Turbulence example

In this notebook we show how to perform a simulation using a soundspeed field based on a Gaussian turbulence spectrum.



In [1]:

    
import numpy as np
from pstd import PSTD, PML, Medium, Position2D, PointSource
from pstd import PSTD
from acoustics import Signal
import seaborn as sns
%matplotlib inline

Configuration

The following are the parameters for our simulation



In [2]:

    
x = 30.0
y = 20.0
z = 0.0

c = 343.2
maximum_frequency_target = 200.0

Create model

We now create a model. Waves propagate in a medium which we define first.



In [3]:

    
medium = Medium(soundspeed=c, density=1.296)

The model is only finite and to prevent aliasing we need a Perfectly Matched Layer.



In [4]:

    
pml = PML((1000.0, 1000.0), depth=10.0)

Now we create the actual model.



In [5]:

    
model = PSTD(maximum_frequency=maximum_frequency_target, pml=pml, medium=medium, cfl=0.05, size=[x, y])

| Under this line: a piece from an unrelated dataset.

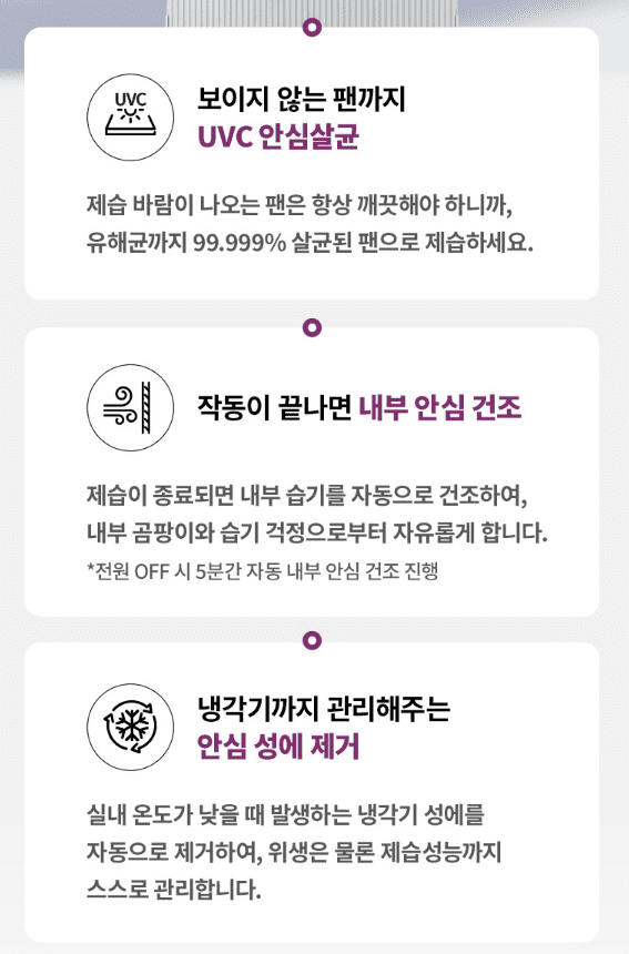 - "UV 살균 기능이 있어서 공기를 깨끗하게 유지할 수 있어 좋아요. 가족들의 건강을 생각하니 가치가 있는 기능입니다."
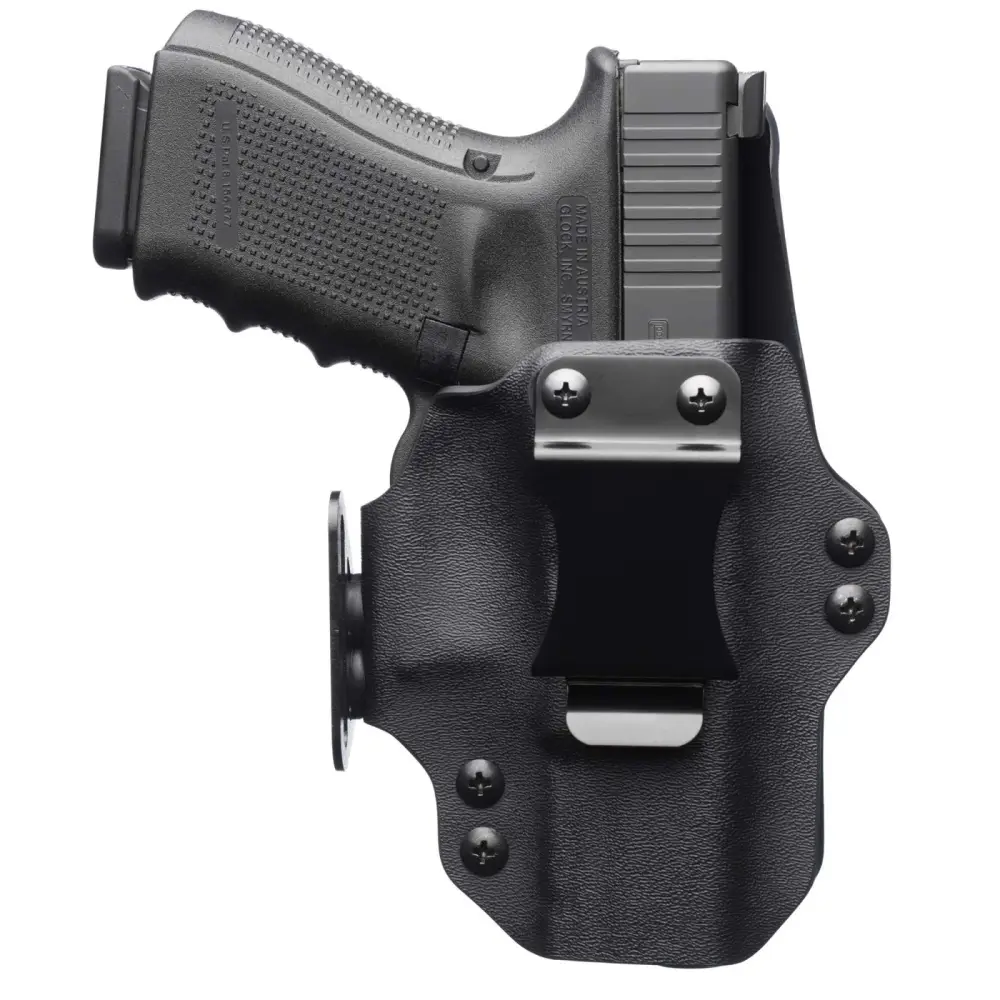 The DualPoint is designed from the ground up to be the ultimate appendix holster. The overall footprint of the holster is minimized through the use of innovative molding techniques and design characteristics which provide a feature set unmatched by any other appendix holster on the market today. The one-piece design, folded from the trigger guard side, incorporates a side mounted strut loop that aids in concealment by pushing the grip in toward the body, significantly reducing how much the gun prints. Featuring user adjustable retention as well as fully adjustable ride height and cant, you can customize the fit of the holster to find the perfect spot that is most comfortable for daily wear. The DualPoint can also be converted to a minimal OWB carry platform, maximizing the value to the end user. All needed hardware to make this conversion is included in every box. Easily configurable by loosening the screws on the IWB belt clip and sliding the clip in the channels to achieve the desired position. Adjustable Retention allows for end user adjustment of holster retention by adjusting trigger side screws. The use of metal IWB and OWB attachments make the holster extremely durable and removes any potential failure points. Can be converted to a minimal OWB platform with the included hardware. Made in the USA.

In this example our source excites a pulse.



In [6]:

    
source_position = Position2D(x/4.0, y/2.0)

source = model.addObject('source', 'PointSource', position=source_position, 
                         excitation='pulse', quantity='pressure', amplitude=0.1)

We also add a receiver on the other side of the domain



In [7]:

    
receiver_position = Position2D(x*3.0/4.0, y/2.0)

receiver = model.addObject('receiver', 'Receiver', position=receiver_position, quantity='pressure')

Check model

To get a quick overview of all parameters, for example to check them, we can print one



In [8]:

    
print(model.overview())









    



Model timestep: 0.000125 
Maximum frequency: 200.0
Grid spacing: 0.858
Grid shape: (59, 48)
Grid shape without PML: (35, 24)
Grid shape with PML: (59, 48)
PML nodes: 12
PML depth target: 10.00
PML depth actual: 10.30
Grid size: (50.622, 41.183999999999997)
Grid size without PML: (30.030000000000001, 20.591999999999999)
Grid size with PML: (50.622, 41.183999999999997)
Amount of sources: 1
Amount of receivers: 1

To check whether the geometry is as we want it to be, we can simply draw it.



In [9]:

    
_ = model.plot_scene()

Running the simulation

Now that we've defined and checked our model we can run it.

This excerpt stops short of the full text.